R 在 2 个列表中的匹配元素上迭代一个函数

Question

So I'm trying to perform Kmeans clustering on each element(dataframe) in a list, from the outputs of the kmeans clustering, I took the "centers" that matches each data frame and bind all the centers into another list.

Next, what I want to do is to use the function get.knnx(), so I can use each centers generated by kmeans clustering and with that going back to the original data frame to sample 500 data points that are the closest to the centre, to achieve a good subsampling of the data. (The reason I did not use the kmeans cluster membership assigned is because the data to perform the kmeans is just a subsampling of the original dataset for training)

Each dataframe has the same structure: many rows of samples and 107 columns of variables, but the 1st and 2nd columns are just data labels such as the actual drug treatment.

Here is the link towards 2 sample data https://drive.google.com/drive/folders/1B8JQY94Z-BHTZEKlV4dvUDocmiyppBDa?usp=sharing

library(tidyverse)
library(purr)
#take data into list
mylist <- list(df1,df2,df3...)

#perform Kmeans cluster
#scale datainput and drop the data label column
Kmeans.list <- map(.x = mylist,
               .f = ~kmeans(scale(.x[,-c(1:2)]),
                            centers =15,
                            nstart=50,
                            iter.max = 100)) %>% 
                purrr::set_names(c("df1", "df2"))

#Isolate the Centers info to another list
 Kmeans_centers <- map(Kmeans.list, ~.x$centers)

#trying to use map2
y <- map2(.x = mylist,.y=Kmeans_centers,
     .f=~get.knnx(scale(.x[,-c(1:2)],.y, 500)))

Thanks to the help from legends on Stackoverflow, I was manage to make the kmeans work and get the centers list.
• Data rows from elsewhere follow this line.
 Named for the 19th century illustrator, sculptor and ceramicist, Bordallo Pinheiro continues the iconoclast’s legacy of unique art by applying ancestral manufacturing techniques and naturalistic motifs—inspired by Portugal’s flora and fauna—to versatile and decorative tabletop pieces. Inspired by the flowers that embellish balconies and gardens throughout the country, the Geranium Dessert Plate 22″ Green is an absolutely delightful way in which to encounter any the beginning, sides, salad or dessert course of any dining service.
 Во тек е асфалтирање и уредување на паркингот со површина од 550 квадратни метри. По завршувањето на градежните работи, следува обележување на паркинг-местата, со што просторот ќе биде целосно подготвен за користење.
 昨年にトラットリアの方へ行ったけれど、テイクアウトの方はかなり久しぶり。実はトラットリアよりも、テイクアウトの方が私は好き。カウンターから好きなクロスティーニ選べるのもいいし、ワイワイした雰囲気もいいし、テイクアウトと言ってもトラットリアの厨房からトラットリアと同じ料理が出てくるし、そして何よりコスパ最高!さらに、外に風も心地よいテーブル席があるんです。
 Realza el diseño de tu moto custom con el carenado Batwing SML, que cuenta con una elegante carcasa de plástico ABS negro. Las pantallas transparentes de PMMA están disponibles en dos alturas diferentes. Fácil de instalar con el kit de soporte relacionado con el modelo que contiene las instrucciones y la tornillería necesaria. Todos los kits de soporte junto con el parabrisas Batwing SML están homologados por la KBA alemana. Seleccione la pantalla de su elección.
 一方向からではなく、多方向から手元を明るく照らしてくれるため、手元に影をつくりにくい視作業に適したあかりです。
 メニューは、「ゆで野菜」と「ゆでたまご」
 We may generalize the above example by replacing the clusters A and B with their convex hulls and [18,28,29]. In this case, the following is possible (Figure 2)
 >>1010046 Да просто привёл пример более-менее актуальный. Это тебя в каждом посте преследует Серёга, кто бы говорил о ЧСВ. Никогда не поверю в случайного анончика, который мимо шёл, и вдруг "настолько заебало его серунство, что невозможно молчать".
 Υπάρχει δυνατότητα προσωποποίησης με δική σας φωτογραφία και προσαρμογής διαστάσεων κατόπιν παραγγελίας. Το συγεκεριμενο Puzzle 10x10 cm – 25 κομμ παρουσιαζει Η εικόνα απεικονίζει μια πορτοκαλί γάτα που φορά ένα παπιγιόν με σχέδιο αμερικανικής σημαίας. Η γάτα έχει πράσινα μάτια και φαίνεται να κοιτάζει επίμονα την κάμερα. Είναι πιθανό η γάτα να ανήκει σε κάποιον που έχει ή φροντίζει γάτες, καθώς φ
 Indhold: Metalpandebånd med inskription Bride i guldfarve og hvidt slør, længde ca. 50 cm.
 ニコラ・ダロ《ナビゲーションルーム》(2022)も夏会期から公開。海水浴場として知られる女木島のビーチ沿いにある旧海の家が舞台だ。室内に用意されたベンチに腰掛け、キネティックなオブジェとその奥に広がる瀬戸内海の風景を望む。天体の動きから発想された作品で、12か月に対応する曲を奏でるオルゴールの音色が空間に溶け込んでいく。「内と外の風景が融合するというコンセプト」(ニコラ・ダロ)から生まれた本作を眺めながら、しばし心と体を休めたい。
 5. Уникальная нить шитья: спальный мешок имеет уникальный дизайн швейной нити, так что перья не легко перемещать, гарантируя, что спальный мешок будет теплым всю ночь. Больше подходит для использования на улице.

Now I want to use the same logic to use map2()

Now the error I get from map2 is "Error in scale.default(.x[, -c(1:2)], .y, 500) : length of 'center' must equal the number of columns of 'x'"

However, both lists have 7 elements, I don't know quite what went wrong.

Additional question is regarding the ~ in the .f= argument. I read it that if I have a function input, I don't need to add ~, however, in this case if I remove ~, error says x not found. So why ~ is needed here, and shall I always put ~ in front of the function I put in map() argument?

Answer 1

You should apply scale function only to the dataframe.

library(purrr)
library(FNN)

map2(.x = mylist,.y=Kmeans_centers, .f=~get.knnx(scale(.x[,-c(1:2)]),.y, 500))

~ is a formula based syntax to apply the function where the first argument is referred as .x and the second one as .y . It is an alternative to using an anonymous function which can be written as

map2(.x = mylist,.y=Kmeans_centers, function(a, b) get.knnx(scale(a[,-c(1:2)]),b, 500))